Ему намекнули, чтобы он исчез с политического горизонта, скрылся, от него требовали эксода, возвращения туда, откуда были родом все Аденауэры, возможно в тот маленький городок Апенау в горах Эйфель, где живут лесорубы, где мужчины курят глиняные трубки, а женщины по сию пору ходят в юбках с фалдами и в кружевных чепчиках.
Долго блуждал он по Германии, но все-таки добился разрешения жить неподалеку от Кельна, города, в котором родился, где достиг в жизни всего, где все потом потерял.

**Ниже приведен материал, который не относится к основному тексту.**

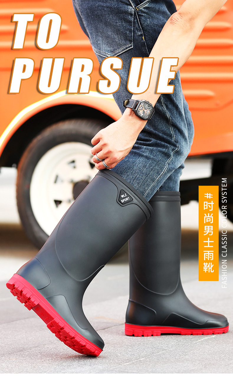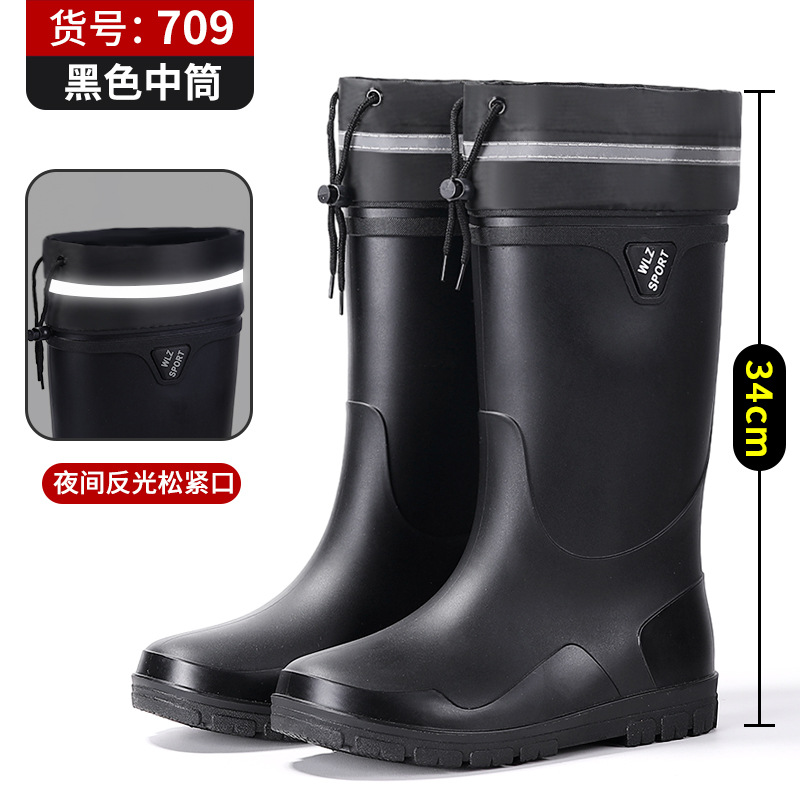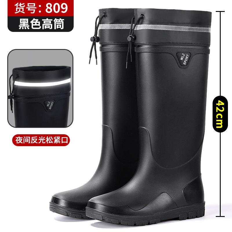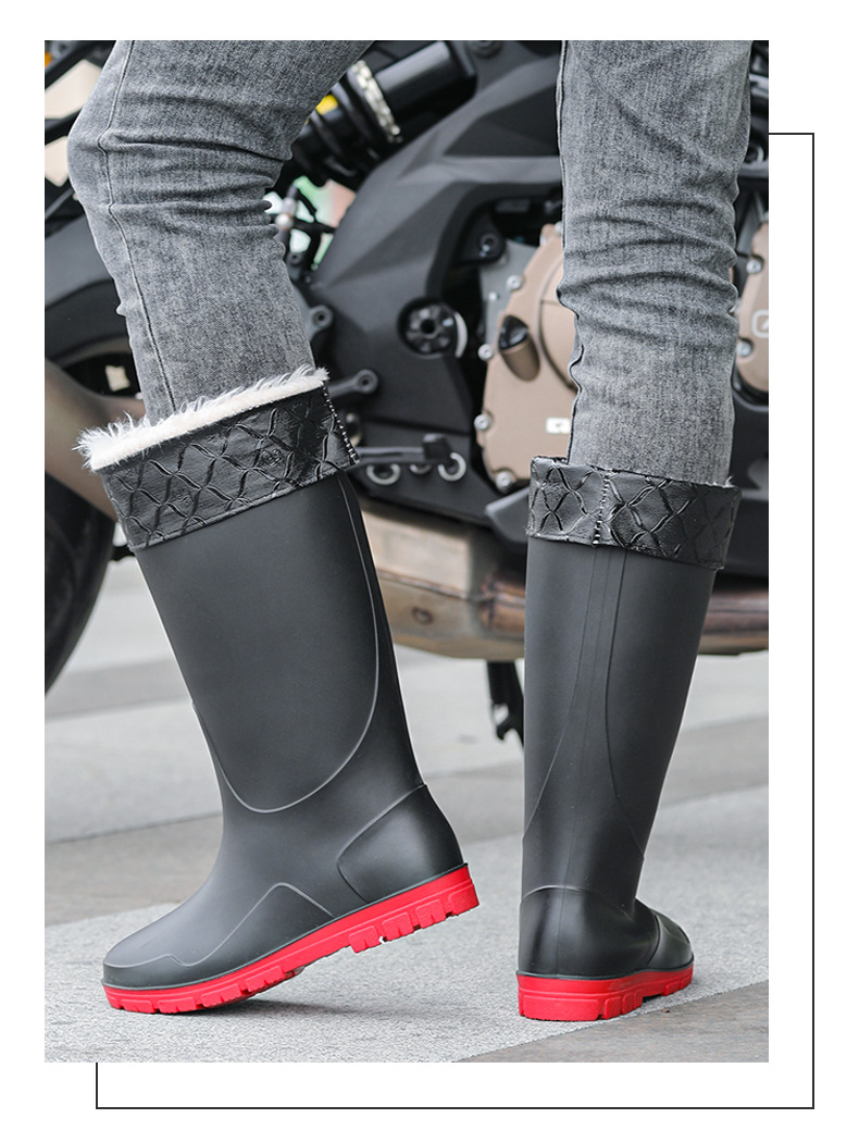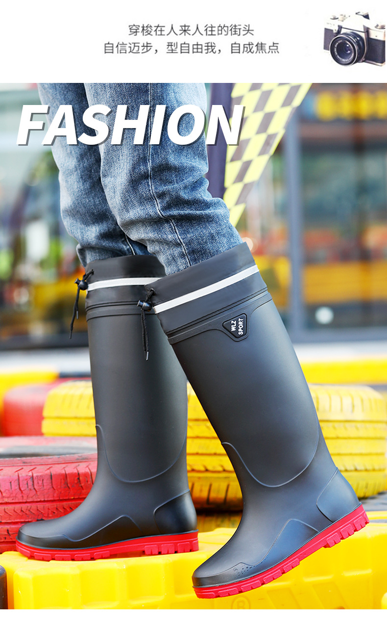 대외 무역 새로운 스타일의 하이탑 남성용 스트링 부츠, 중간 길이의 야외 방수 및 미끄럼 방지 긴 튜브 따뜻하고 두꺼운 낚시 고무 신발

Когда-то он мечтал стать живой легендой, мечтал стать канцлером, железным канцлером, как Бисмарк, было время — он занимал пост председателя Прусского государственного совета и до канцлерства оставался один какой-нибудь шаг. Теперь у него ничего не осталось, кроме одиночества, застарелого катарального бронхита весной и осенью и назойливых болей в ногах и затылке.
Хотелось все забыть. Подобно Зигфриду в «Нибелунгах», забывшему обо всем после того, как прекрасная Гутрун поднесла ему чашу с напитком забвения. Любил перечитывать Плутарха и Сенеку. Наслаждался зрелищами величия и стоицизма. Снова и снова внушал себе: «Выстоять! Перебороть все! Упорством. Одиночеством. Жестоким отречением от всего!»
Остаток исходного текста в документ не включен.